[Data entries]
------------------------------------------------------------

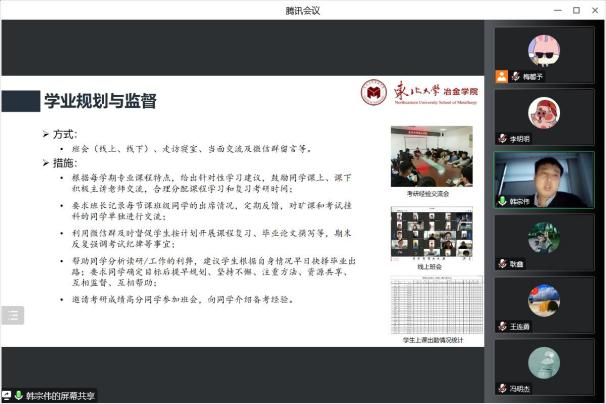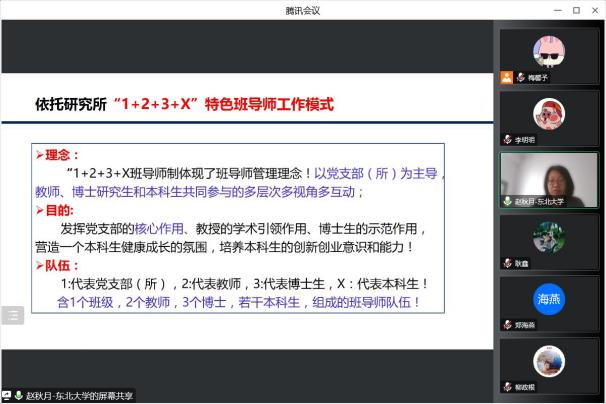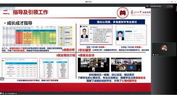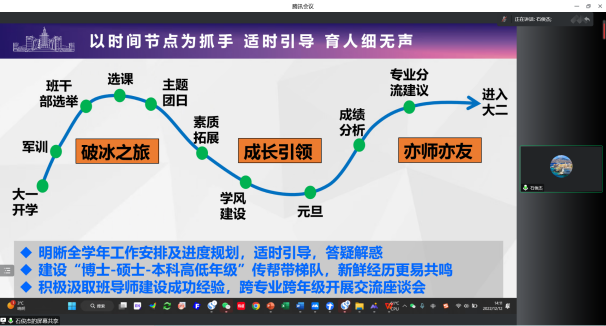 会上,各位班导师围绕2021-2022学年特色工作和日常工作展开述职,主要从思想引领、安全管理、疫情防控、班级文化建设、学业指导以及重点群体帮扶等方面内容对本学年各项工作进行总结汇报。
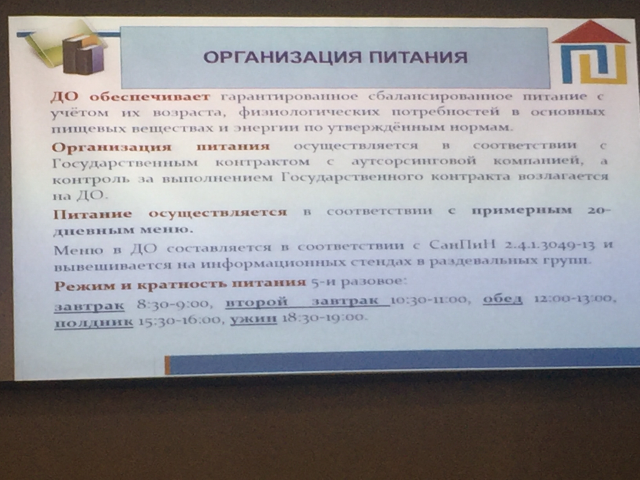 немного не так ...QR_BBPOST Питание 5-ти разовое. Завтрак 8.30-9.00.Ужин 18.30-19.00. Из хороших новостей, то что будет готовиться именно в саду, а не как в школе только разогреваться.
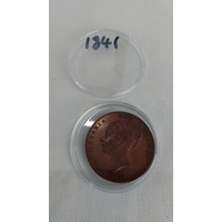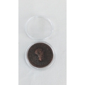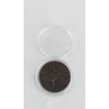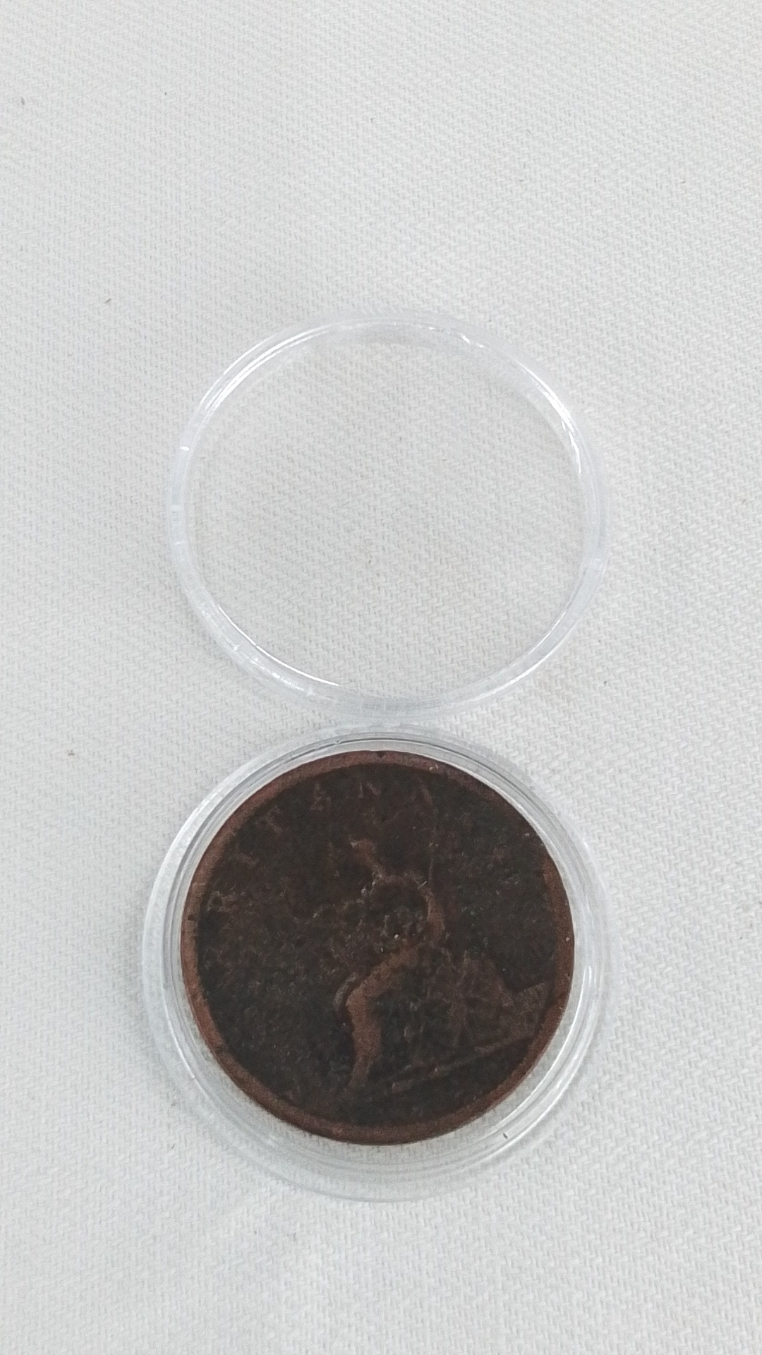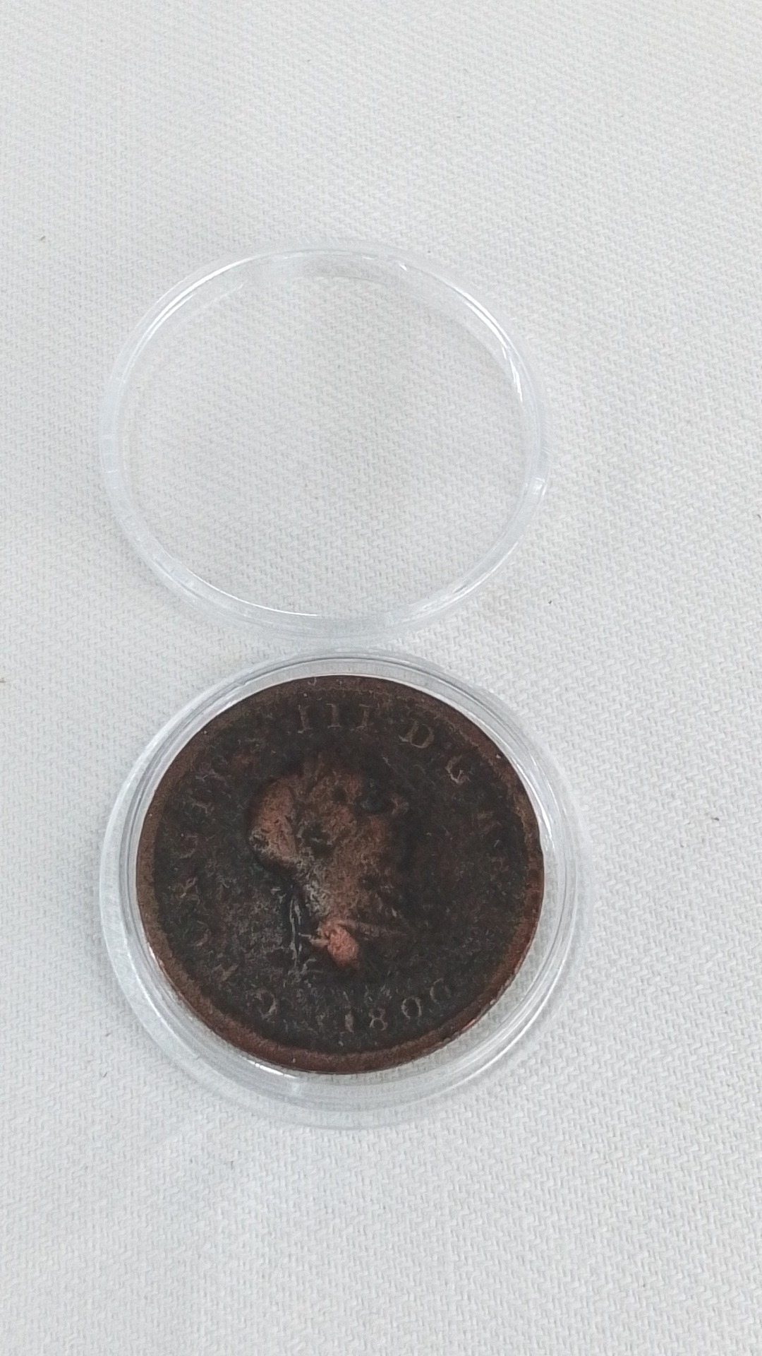 An early George III copper penny coin, dated 1806, in a clear protective capsule; obverse with laureate portrait and legend, reverse with Britannia seated and surrounding inscription.
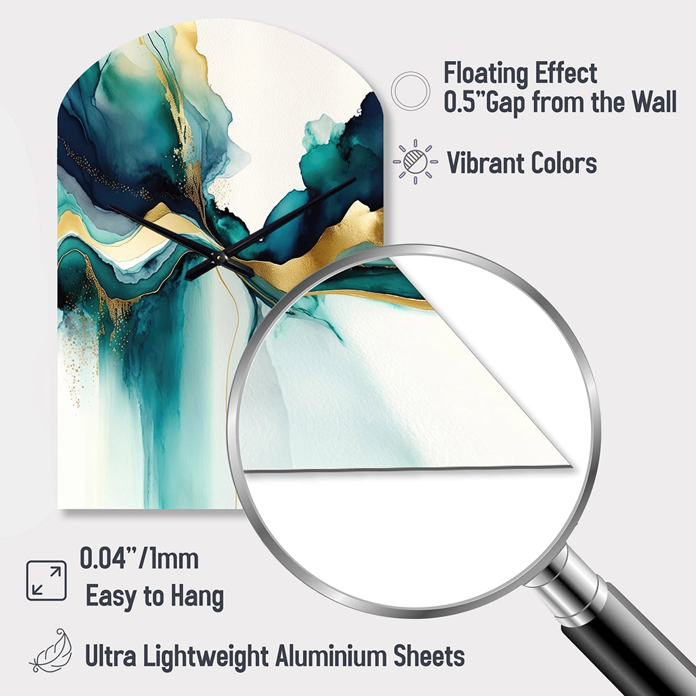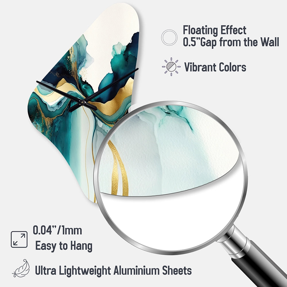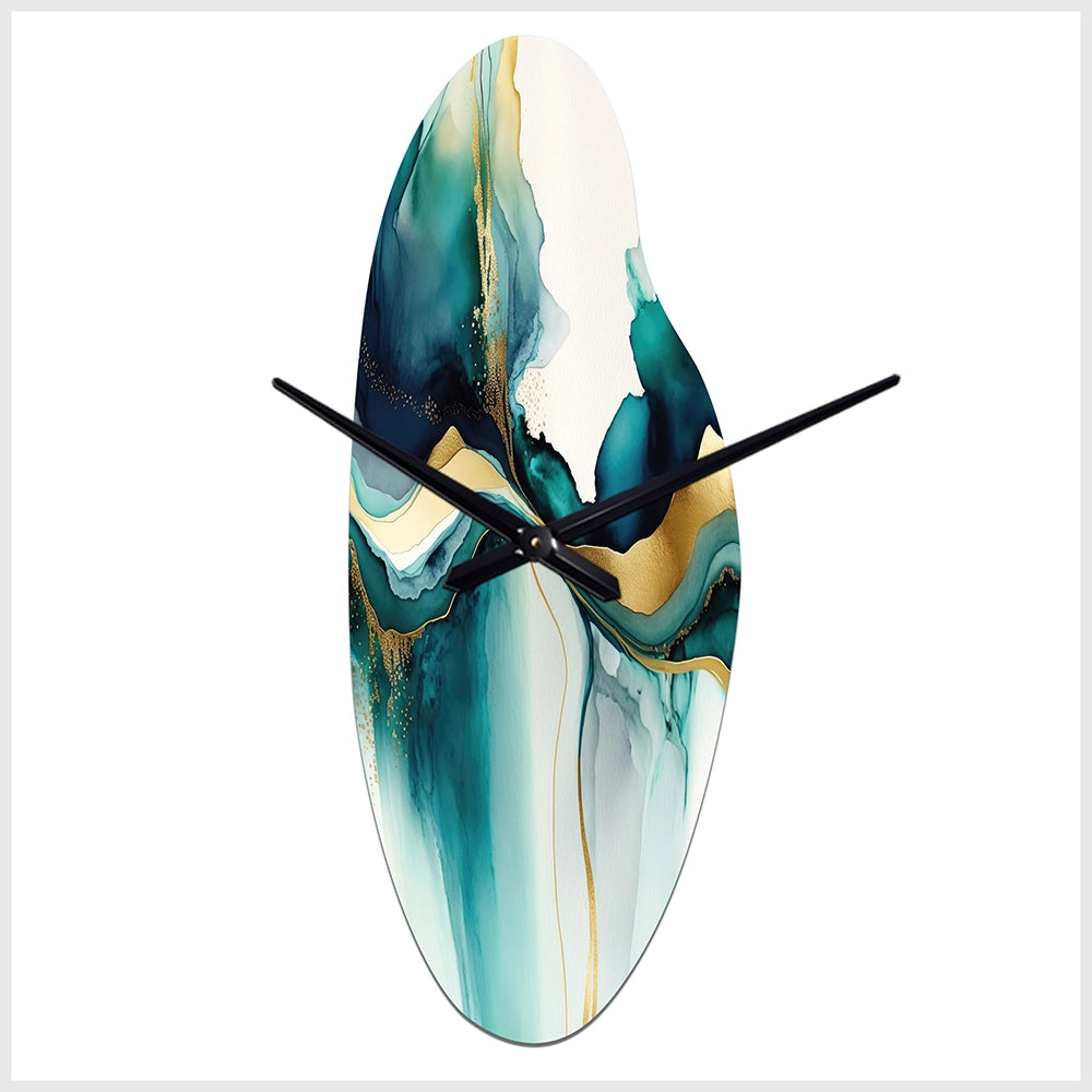 Elevate your space with this Modern asymmetrical metal wall Clock. Our handcrafted metal wall sculptures combine modern design with artistic elegance, creating a striking focal point in any room. This asymmetric metal wall Clock features unique, irregular shapes that bring dynamic movement and depth to your walls. Perfect for Abstract decor, these Turquoise irregular metal wall sculptures are printed on aluminum panel, with extra gloss ensuring long-lasting beauty. Ideal for living rooms, offices decor, or entrance, this statement piece adds a bold, Abstract touch to any decor.
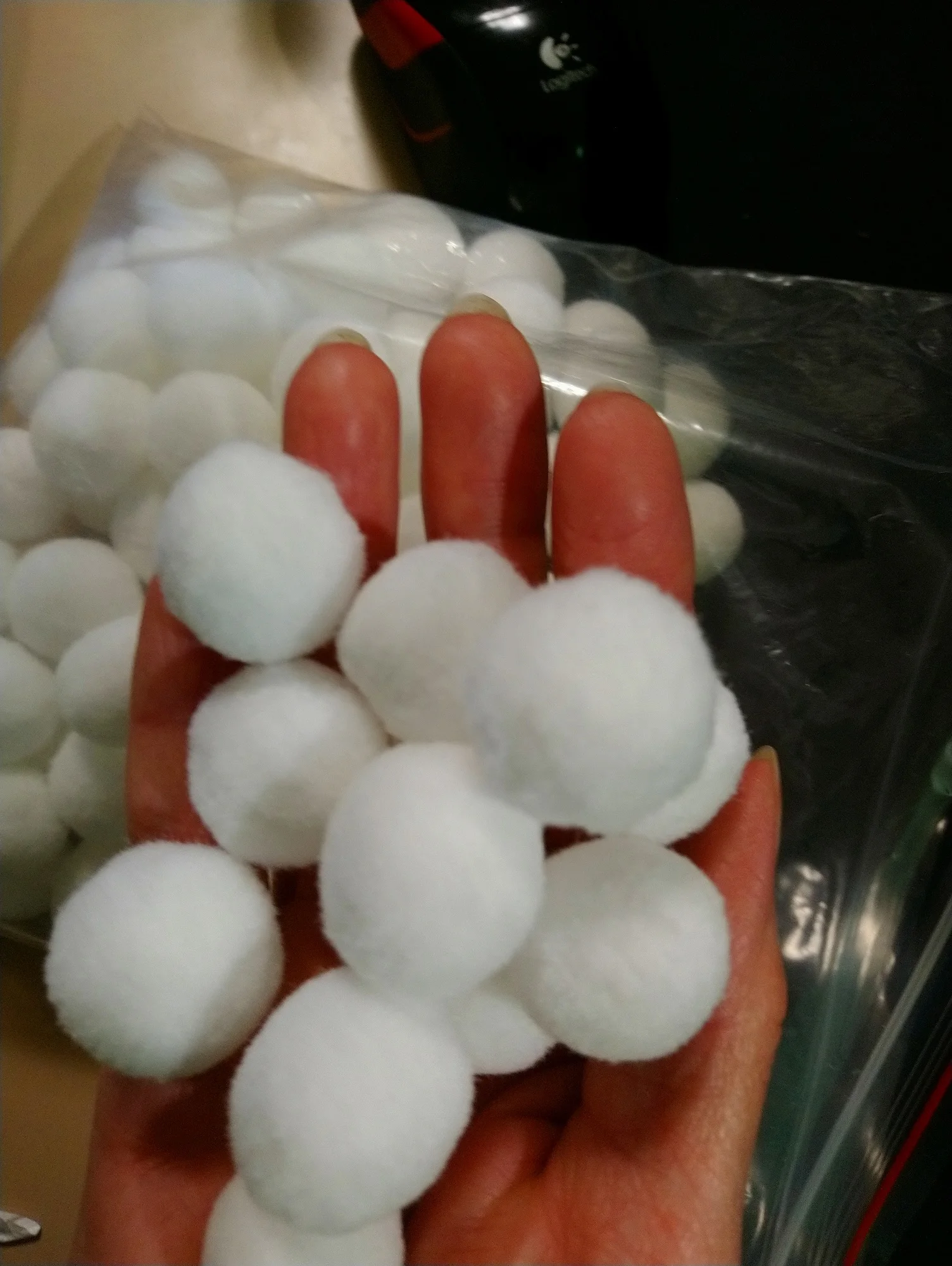 Много маленьких разноцветных мягких шариков из искусственного меха. Всё как в объявлении.

------------------------------------------------------------

§ **WHAT IS NEEDED**: An exact repetition of all the records above is required, excluding the pictures.

§ **RESULT OF THE EXERCISE**:
 会上,各位班导师围绕2021-2022学年特色工作和日常工作展开述职,主要从思想引领、安全管理、疫情防控、班级文化建设、学业指导以及重点群体帮扶等方面内容对本学年各项工作进行总结汇报。
 немного не так ...QR_BBPOST Питание 5-ти разовое. Завтрак 8.30-9.00.Ужин 18.30-19.00. Из хороших новостей, то что будет готовиться именно в саду, а не как в школе только разогреваться.
 An early George III copper penny coin, dated 1806, in a clear protective capsule; obverse with laureate portrait and legend, reverse with Britannia seated and surrounding inscription.
 Elevate your space with this Modern asymmetrical metal wall Clock. Our handcrafted metal wall sculptures combine modern design with artistic elegance, creating a striking focal point in any room. This asymmetric metal wall Clock features unique, irregular shapes that bring dynamic movement and depth to your walls. Perfect for Abstract decor, these Turquoise irregular metal wall sculptures are printed on aluminum panel, with extra gloss ensuring long-lasting beauty. Ideal for living rooms, offices decor, or entrance, this statement piece adds a bold, Abstract touch to any decor.
 Много маленьких разноцветных мягких шариков из искусственного меха. Всё как в объявлении.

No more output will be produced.